• _Exercise instructions_
Beneath this line sits some data. Return only its lines from the one holding "College Netball Dress" through the one holding "Vegetarian Jambalaya $13.00", inclusive, exactly, with the images removed.
(Source data begins)
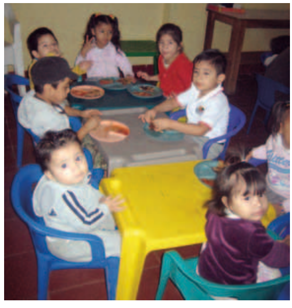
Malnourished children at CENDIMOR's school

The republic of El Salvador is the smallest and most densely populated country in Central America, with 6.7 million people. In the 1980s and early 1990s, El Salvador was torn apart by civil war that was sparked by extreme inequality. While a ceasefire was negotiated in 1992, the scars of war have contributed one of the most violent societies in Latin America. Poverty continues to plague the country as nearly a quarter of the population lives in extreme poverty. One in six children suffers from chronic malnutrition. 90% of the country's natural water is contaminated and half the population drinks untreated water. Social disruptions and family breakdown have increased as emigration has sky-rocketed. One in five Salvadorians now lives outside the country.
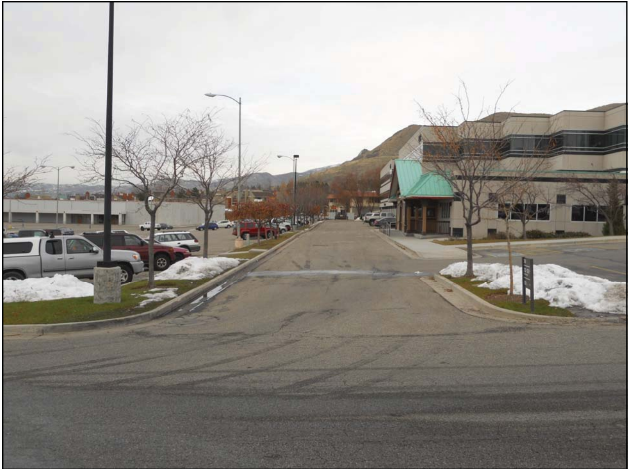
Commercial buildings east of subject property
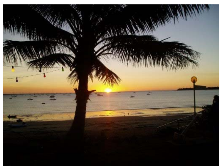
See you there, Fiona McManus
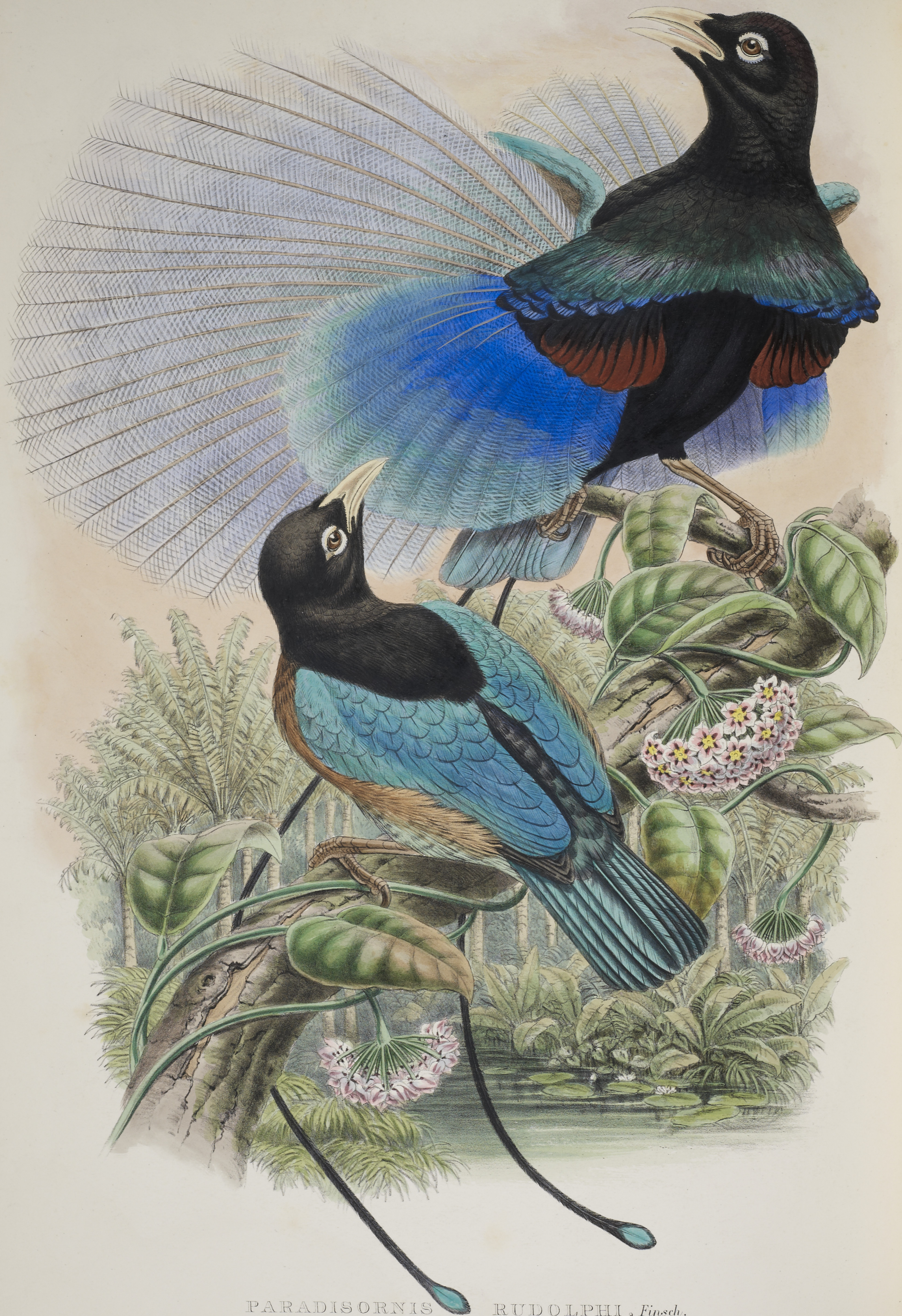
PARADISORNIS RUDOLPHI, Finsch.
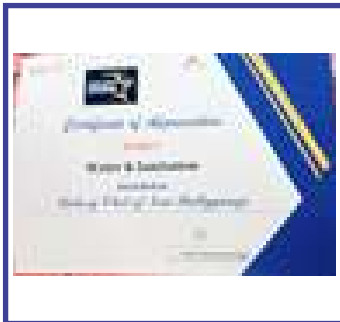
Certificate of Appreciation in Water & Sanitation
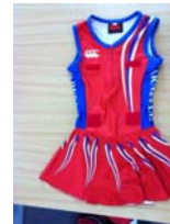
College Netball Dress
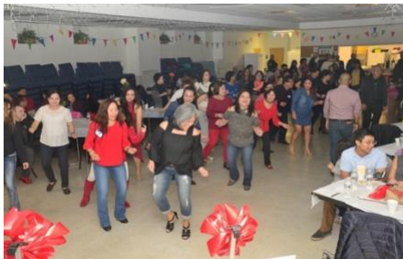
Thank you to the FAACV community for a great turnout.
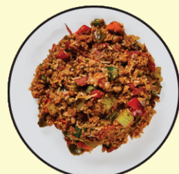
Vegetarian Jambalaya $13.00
(Source data ends)
(Source data begins)
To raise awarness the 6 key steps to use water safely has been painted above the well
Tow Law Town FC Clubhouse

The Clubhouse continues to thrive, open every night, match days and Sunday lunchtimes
(Source data ends)
(Source data begins)
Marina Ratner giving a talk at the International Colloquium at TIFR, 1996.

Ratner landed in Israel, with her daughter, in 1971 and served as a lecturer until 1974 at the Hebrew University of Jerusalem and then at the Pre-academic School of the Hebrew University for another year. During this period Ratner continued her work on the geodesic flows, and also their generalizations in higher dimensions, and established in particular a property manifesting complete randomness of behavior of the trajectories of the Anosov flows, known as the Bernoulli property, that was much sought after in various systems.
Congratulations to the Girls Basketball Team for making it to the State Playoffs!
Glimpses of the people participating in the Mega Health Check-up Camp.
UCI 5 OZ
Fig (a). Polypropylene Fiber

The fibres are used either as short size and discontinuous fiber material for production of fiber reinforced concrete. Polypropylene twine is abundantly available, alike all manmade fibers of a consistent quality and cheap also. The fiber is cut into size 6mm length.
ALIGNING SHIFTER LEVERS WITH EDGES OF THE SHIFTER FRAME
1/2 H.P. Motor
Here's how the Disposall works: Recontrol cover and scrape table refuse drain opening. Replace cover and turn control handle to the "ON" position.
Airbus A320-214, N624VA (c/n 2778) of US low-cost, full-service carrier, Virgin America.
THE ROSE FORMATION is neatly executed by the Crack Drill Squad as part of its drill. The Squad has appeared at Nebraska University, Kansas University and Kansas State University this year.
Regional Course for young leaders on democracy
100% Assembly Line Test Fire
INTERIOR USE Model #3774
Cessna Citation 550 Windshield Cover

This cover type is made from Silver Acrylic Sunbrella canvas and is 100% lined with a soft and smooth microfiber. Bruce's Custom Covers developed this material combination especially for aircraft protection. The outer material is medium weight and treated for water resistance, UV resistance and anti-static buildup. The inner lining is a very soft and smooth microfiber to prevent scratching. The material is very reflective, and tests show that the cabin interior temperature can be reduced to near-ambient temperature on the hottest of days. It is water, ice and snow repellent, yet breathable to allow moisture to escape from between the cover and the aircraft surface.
(Source data ends)
• _Solution to the problem_
College Netball Dress
Thank you to the FAACV community for a great turnout.
Vegetarian Jambalaya $13.00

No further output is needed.